Sergio Marchionne has heard the comments. He knows there are plenty of people who have written off Chrysler. He knows there are scores of reporters who take the lack of auto show press conferences as a sign the company is dead in the water. He also knows Chrysler can no longer afford to make big promises it can't keep.
"Threatening to deliver success is not success," Marchionne told me during a one hour conversation with a handful of reporters attending the Detroit Auto Show. He added, "We're beginning the process of earning the right to compete."
Chrysler has not been competitive.
In fact, it was so close to shutting down last spring, some in the Obama White House wanted to pull the plug.

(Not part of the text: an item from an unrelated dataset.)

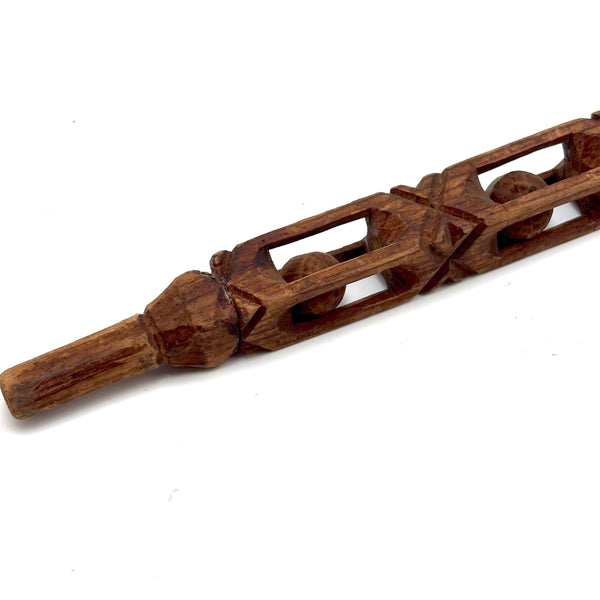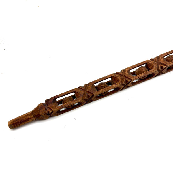 Another week, another whimsy, not because good old ones are easy to find, but because you always grab them fast when I do, and so I look hard for them. Some long and tall whimsies (and some chains, too) were carved from broom handles, as I'm pretty certain was the case here (this one precisely 24 inches in length )--which I really like the idea of, very much a make do sort of carving, the utilitarian mundane transformed, and of course a real whittler will whittle on whatever is around! And here I might wonder if this one was carved as a model of sorts in advance of a full scale walking stick!

Instead, they threw out a lifeline and sold it during bankruptcy to Fiat. Looking back, you could argue Marchionne overpaid for a bucket of bolts. Chrysler's product pipeline was so dry; people inside the company would snicker when you brought up the topic of future models.

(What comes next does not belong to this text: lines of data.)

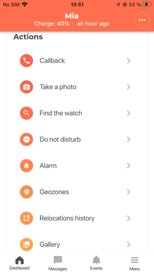 - Get notifications about SOS alarm, low battery, take-off sensor
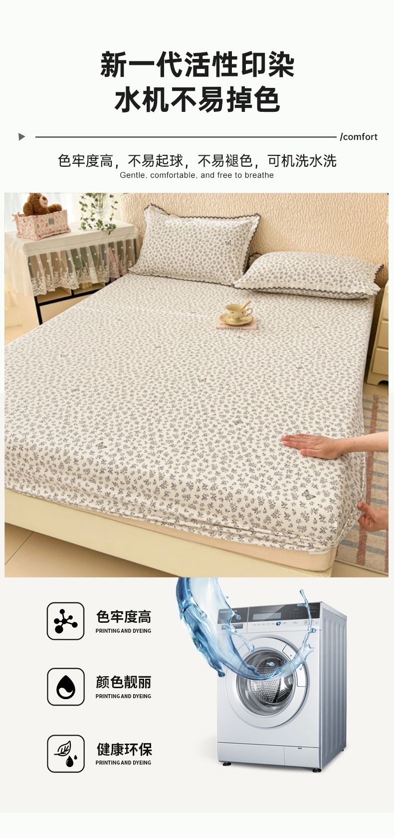 (总)圣比熊 2026新款原麻夹棉床笠机洗家用防滑透气四季款加厚床罩床垫床单保护套三件套-新款,古堡花园-咖,金枝玉叶,春风序,东方墨兰,繁花,浮绘花影-白,漫步花丛-蓝,秋日,素锦
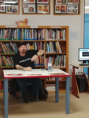 En este encuentro, los cárteles de los alumnos decoraban el espacio, en el que, entre otras actividades, se entrevistaba al autor, se recitaba alguno de sus poemas y se jugaba a una original versión de “verdad o reto”, basada en la obra “La maldición del tigre blanco”. Esta obra ha sido el punto de partida para que el alumnado realice sus propias producciones, que van desde un final alternativo hasta la creación una novela gráfica y un mapa interactivo del mundo. Por supuesto, un año más han sido premiados los mejores booktrailers.

No wonder Chrysler sales plunged 35% last year and it's market share dropped to 8.9%. Marchionne has old products that are tough to move, especially with Americans who have heard nothing good about Chrysler in 3 or 4 years. "We do have a credibility issue. We know that," says Marchionne.

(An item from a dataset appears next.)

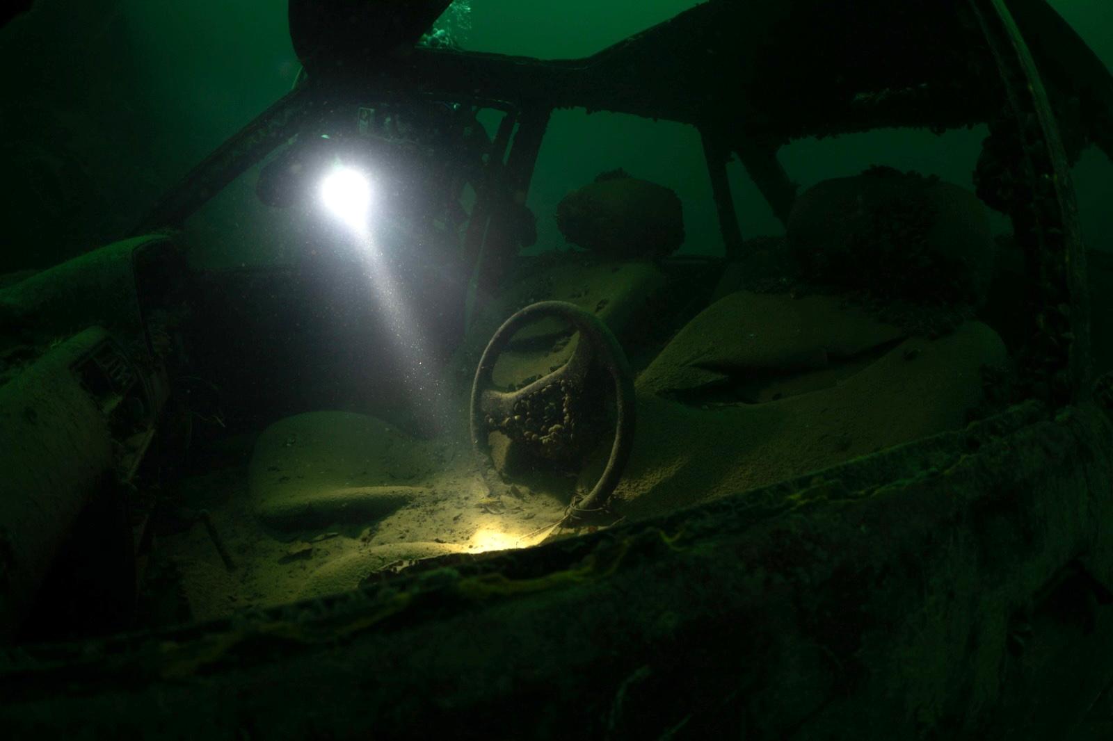 Our second dive took us deeper onto the 22-metre shelf, where we found an old army personnel carrier that you can swim through. This was so much fun! The bottom here was soft mud rather than gravel, and when you reached out your hand, it just kept sinking. It was also our coldest dive yet at 9°C and even with the chill tingling our faces, being dressed appropriately, we stayed toasty warm throughout.

Which brings up why the CEO is saying little, and showing even less at this years auto show. Marchionne is of the belief his company should reveal new models close to when those models roll into showrooms. So when the new Jeep Grand Cherokee is shown in the second quarter it will be just a few months before it rolls into showrooms. Marchionne says, "We're not that far away from showing our product line-up."
And what about those in Detroit who want the charismatic Italian to be the next Lee Iacocca? At least in terms of style, Marchionne isn't buying it, saying, "I'm not Lee. You've got to know who you are when you wake up in the morning."